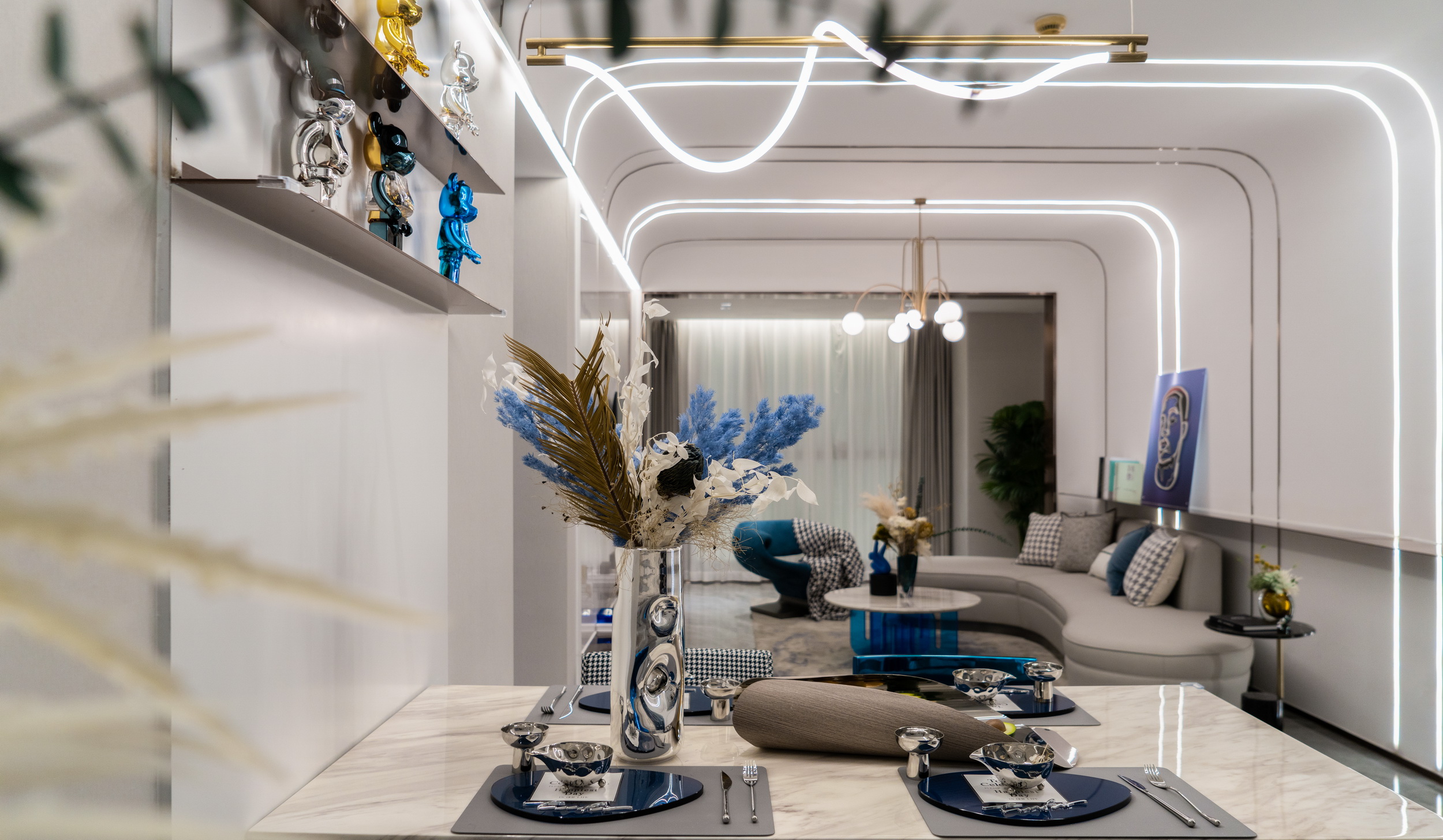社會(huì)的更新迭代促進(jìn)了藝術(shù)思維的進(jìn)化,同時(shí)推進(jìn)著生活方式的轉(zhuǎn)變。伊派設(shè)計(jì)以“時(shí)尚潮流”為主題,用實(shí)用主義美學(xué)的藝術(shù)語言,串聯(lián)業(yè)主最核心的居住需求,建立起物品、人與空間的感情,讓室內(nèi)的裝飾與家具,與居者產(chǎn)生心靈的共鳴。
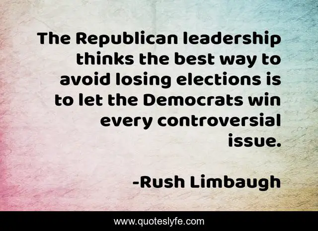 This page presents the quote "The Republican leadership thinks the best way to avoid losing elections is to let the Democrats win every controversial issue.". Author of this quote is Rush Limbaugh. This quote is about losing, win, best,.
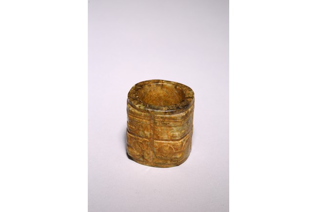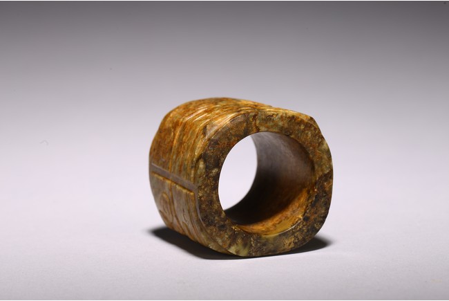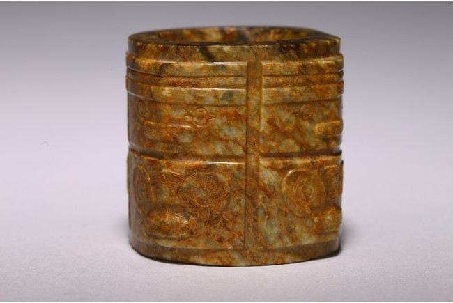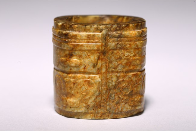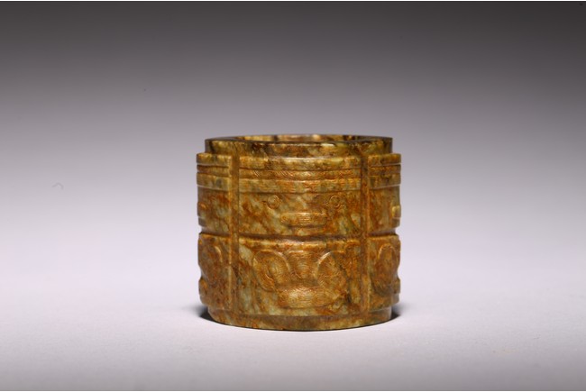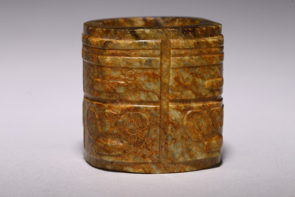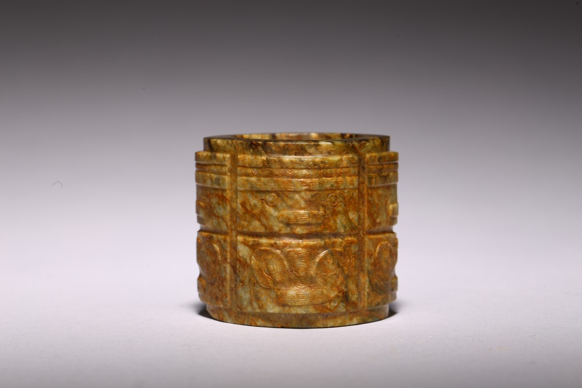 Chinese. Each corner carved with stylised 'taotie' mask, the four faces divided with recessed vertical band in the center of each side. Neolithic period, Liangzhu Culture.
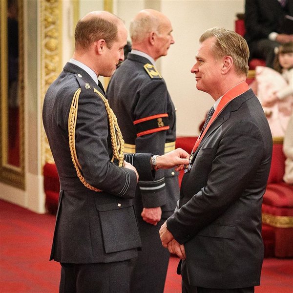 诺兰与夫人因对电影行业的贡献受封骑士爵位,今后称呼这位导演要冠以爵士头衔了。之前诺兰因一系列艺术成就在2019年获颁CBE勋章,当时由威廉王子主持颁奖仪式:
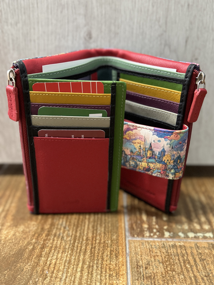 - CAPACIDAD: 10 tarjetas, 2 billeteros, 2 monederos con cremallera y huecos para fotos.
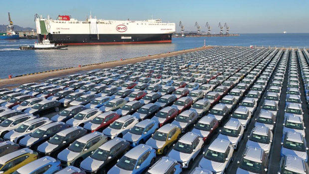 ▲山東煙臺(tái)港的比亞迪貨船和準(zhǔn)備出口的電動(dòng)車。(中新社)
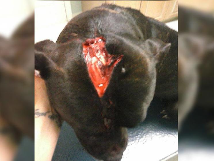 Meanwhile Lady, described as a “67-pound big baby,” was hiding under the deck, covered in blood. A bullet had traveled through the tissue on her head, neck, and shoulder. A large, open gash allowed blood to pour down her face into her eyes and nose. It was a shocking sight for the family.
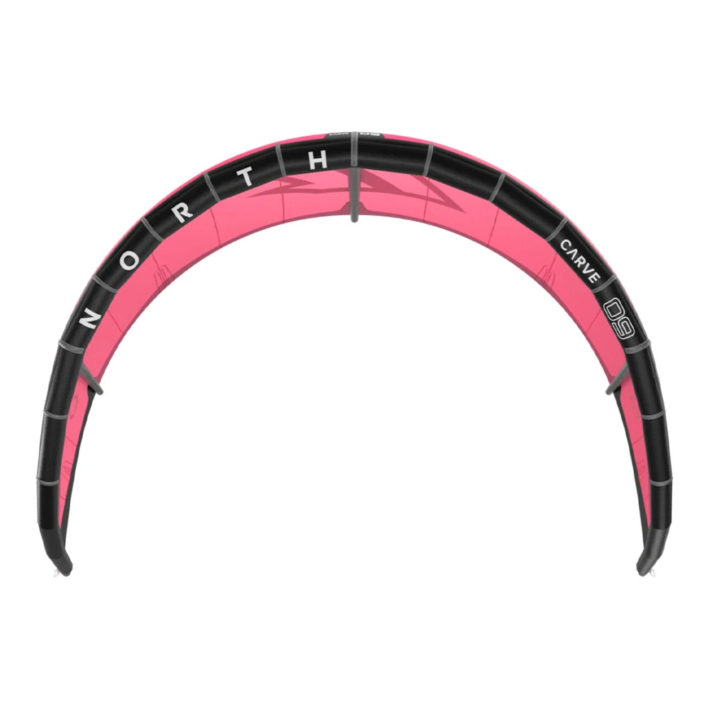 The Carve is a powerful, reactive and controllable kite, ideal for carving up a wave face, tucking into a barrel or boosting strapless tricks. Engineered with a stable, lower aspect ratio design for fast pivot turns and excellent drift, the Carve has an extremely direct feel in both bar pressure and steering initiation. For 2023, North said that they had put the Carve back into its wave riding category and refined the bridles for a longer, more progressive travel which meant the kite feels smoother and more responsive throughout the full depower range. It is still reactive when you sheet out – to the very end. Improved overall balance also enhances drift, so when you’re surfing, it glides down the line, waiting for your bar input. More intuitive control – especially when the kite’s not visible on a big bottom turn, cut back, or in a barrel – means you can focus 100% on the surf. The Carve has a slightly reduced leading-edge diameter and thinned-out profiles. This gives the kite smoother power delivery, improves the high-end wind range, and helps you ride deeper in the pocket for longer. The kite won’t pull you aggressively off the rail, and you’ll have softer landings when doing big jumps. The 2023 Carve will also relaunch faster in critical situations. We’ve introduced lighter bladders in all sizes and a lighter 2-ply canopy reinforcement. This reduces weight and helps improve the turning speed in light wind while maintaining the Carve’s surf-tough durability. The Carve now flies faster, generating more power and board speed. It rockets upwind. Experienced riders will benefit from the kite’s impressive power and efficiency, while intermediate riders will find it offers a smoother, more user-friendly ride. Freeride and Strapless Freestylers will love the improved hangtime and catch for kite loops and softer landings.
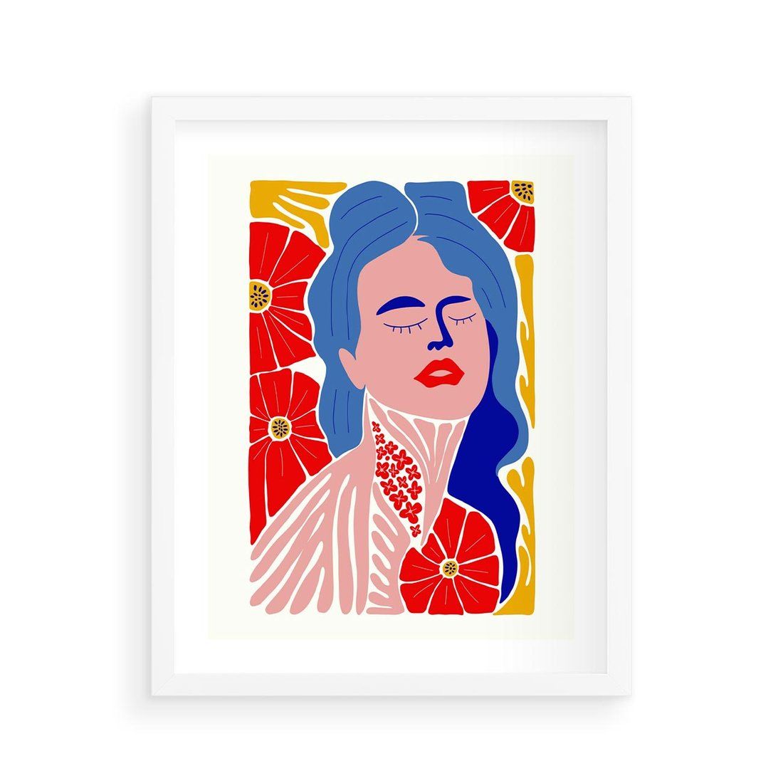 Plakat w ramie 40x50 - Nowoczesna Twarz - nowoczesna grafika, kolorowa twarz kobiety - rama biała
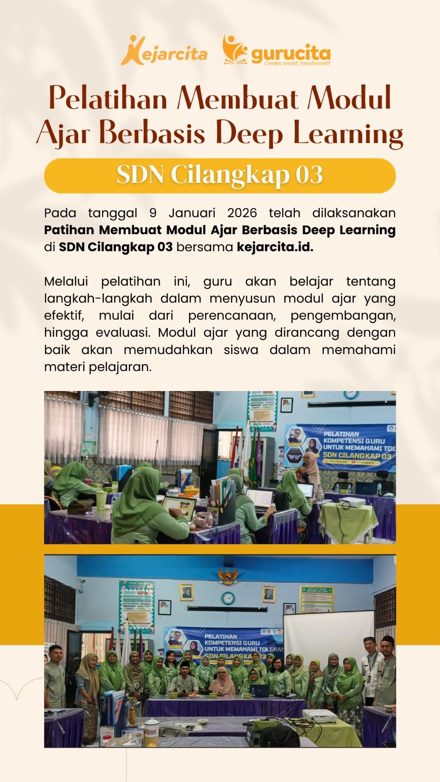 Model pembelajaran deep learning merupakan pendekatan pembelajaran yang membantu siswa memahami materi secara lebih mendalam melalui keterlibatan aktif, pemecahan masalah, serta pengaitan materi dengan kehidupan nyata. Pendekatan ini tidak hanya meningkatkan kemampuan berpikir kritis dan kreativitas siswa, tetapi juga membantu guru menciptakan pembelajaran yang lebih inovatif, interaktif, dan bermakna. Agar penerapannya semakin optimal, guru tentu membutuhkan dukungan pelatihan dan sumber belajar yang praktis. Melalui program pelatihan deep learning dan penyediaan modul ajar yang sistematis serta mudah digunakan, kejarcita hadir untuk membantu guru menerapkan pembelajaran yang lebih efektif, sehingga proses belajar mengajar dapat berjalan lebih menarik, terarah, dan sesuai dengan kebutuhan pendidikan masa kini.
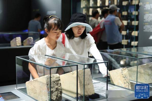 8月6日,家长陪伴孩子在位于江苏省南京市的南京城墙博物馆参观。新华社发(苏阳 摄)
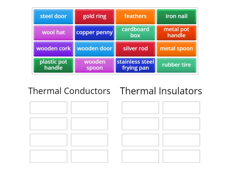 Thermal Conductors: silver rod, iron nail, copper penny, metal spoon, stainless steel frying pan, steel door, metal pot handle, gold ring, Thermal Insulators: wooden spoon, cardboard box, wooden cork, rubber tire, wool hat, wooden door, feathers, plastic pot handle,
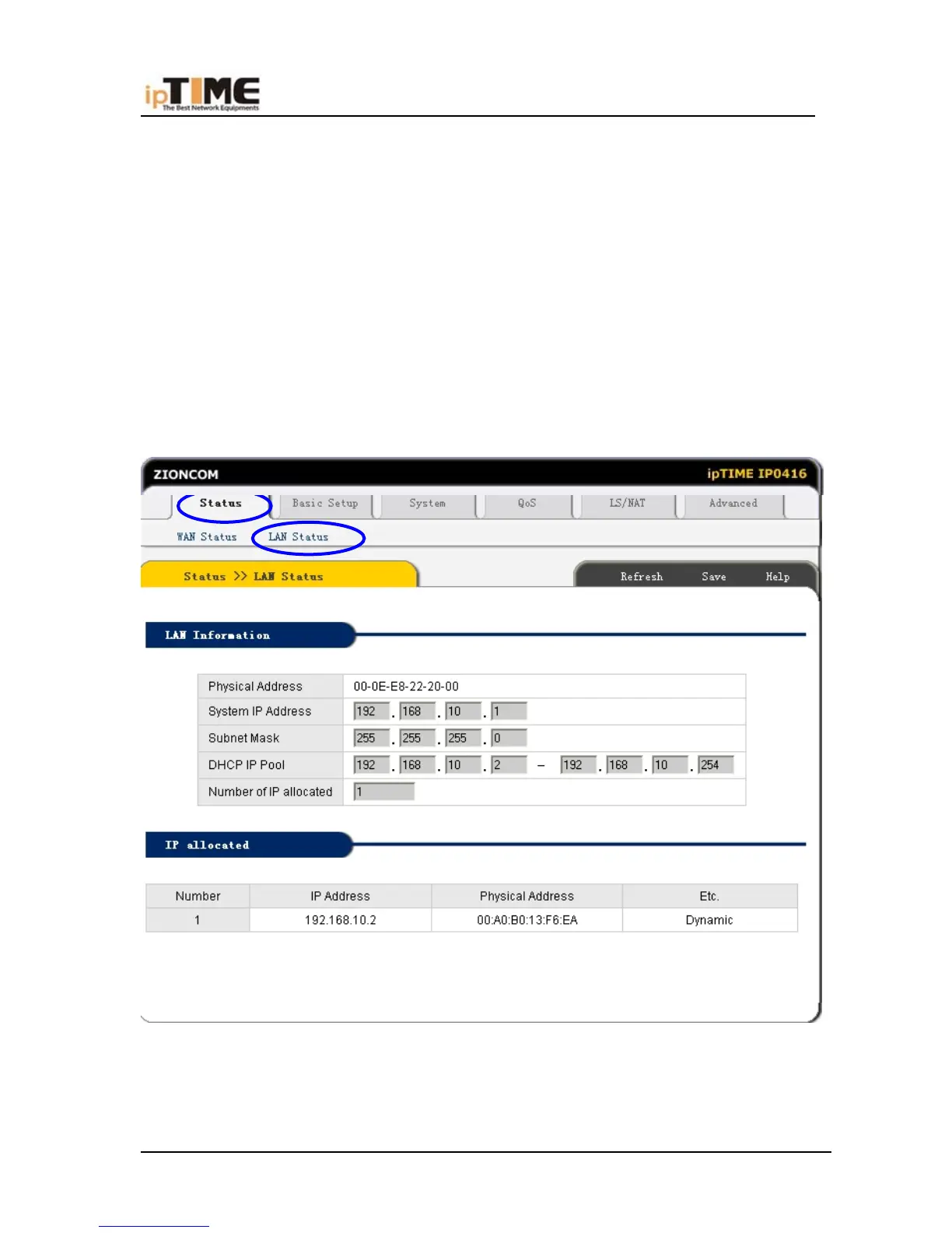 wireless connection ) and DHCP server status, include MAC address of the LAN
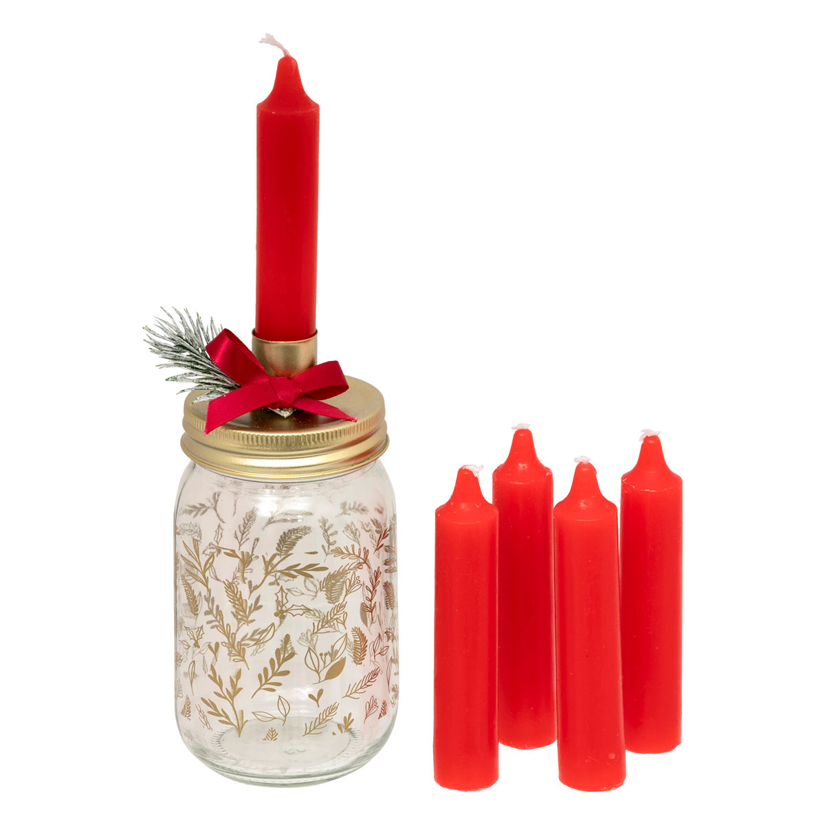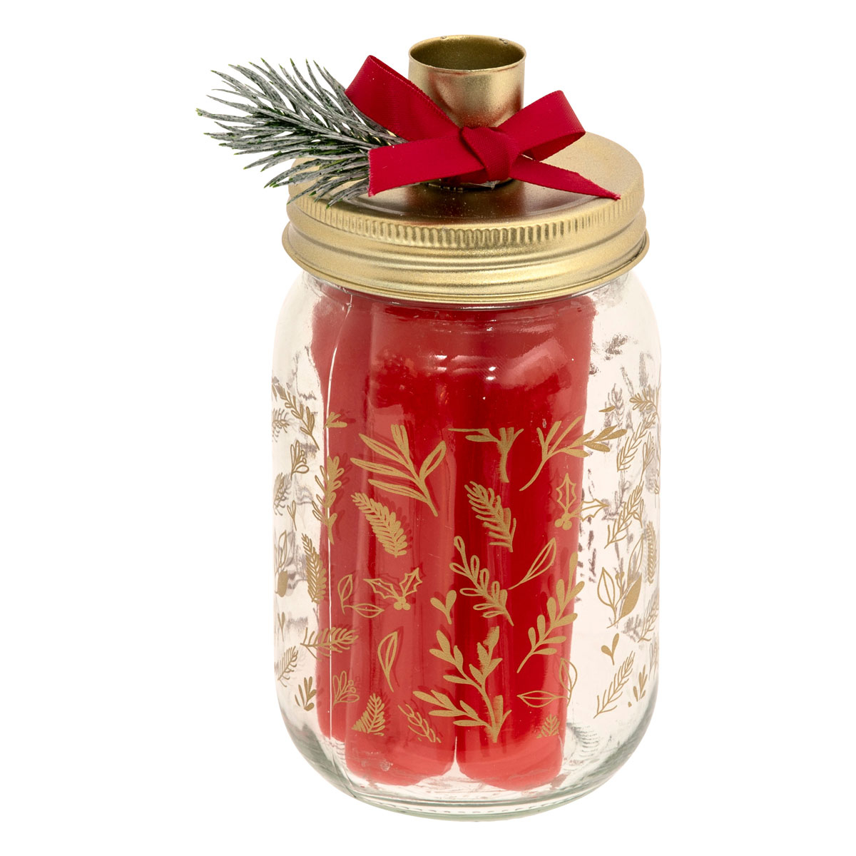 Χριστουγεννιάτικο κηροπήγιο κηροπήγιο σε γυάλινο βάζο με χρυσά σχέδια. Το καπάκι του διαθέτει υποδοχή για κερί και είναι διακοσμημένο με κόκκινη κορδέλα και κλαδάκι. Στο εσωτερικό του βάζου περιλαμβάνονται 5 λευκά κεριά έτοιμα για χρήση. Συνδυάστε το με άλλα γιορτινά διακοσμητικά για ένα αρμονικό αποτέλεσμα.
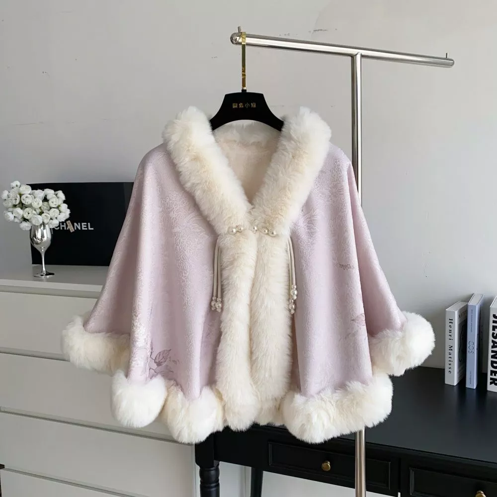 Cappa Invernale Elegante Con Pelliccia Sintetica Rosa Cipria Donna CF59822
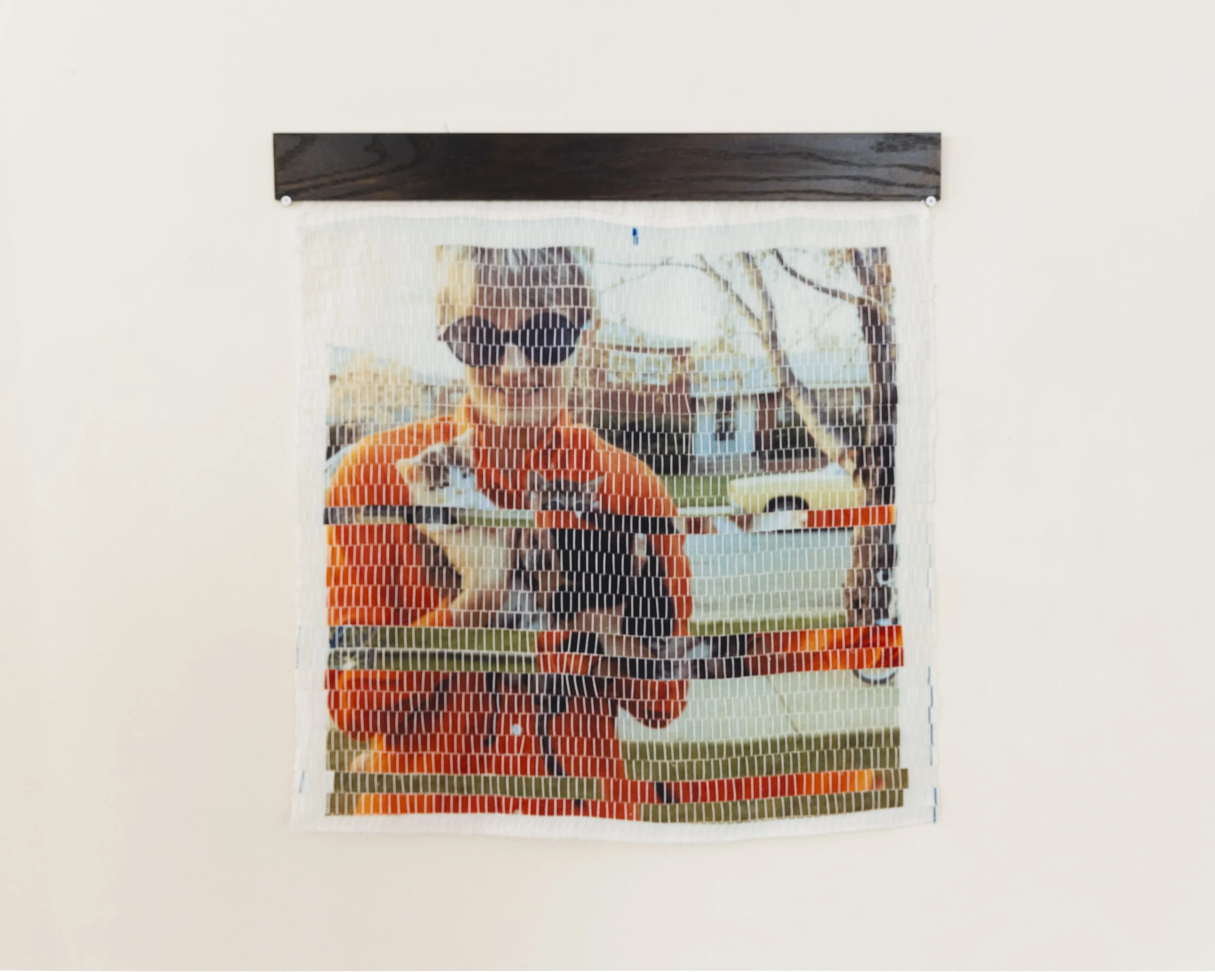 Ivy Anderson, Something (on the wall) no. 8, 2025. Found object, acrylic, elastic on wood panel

## Problem to work on:
Only the lines between the one with "8月6日,家长陪伴孩子在位于" and the one with "Cappa Invernale Elegante", those two included, get copied from the material above. Keep it exact and free of pictures.

## Exercise answer:
 8月6日,家长陪伴孩子在位于江苏省南京市的南京城墙博物馆参观。新华社发(苏阳 摄)
 Thermal Conductors: silver rod, iron nail, copper penny, metal spoon, stainless steel frying pan, steel door, metal pot handle, gold ring, Thermal Insulators: wooden spoon, cardboard box, wooden cork, rubber tire, wool hat, wooden door, feathers, plastic pot handle,
 wireless connection ) and DHCP server status, include MAC address of the LAN
 Χριστουγεννιάτικο κηροπήγιο κηροπήγιο σε γυάλινο βάζο με χρυσά σχέδια. Το καπάκι του διαθέτει υποδοχή για κερί και είναι διακοσμημένο με κόκκινη κορδέλα και κλαδάκι. Στο εσωτερικό του βάζου περιλαμβάνονται 5 λευκά κεριά έτοιμα για χρήση. Συνδυάστε το με άλλα γιορτινά διακοσμητικά για ένα αρμονικό αποτέλεσμα.
 Cappa Invernale Elegante Con Pelliccia Sintetica Rosa Cipria Donna CF59822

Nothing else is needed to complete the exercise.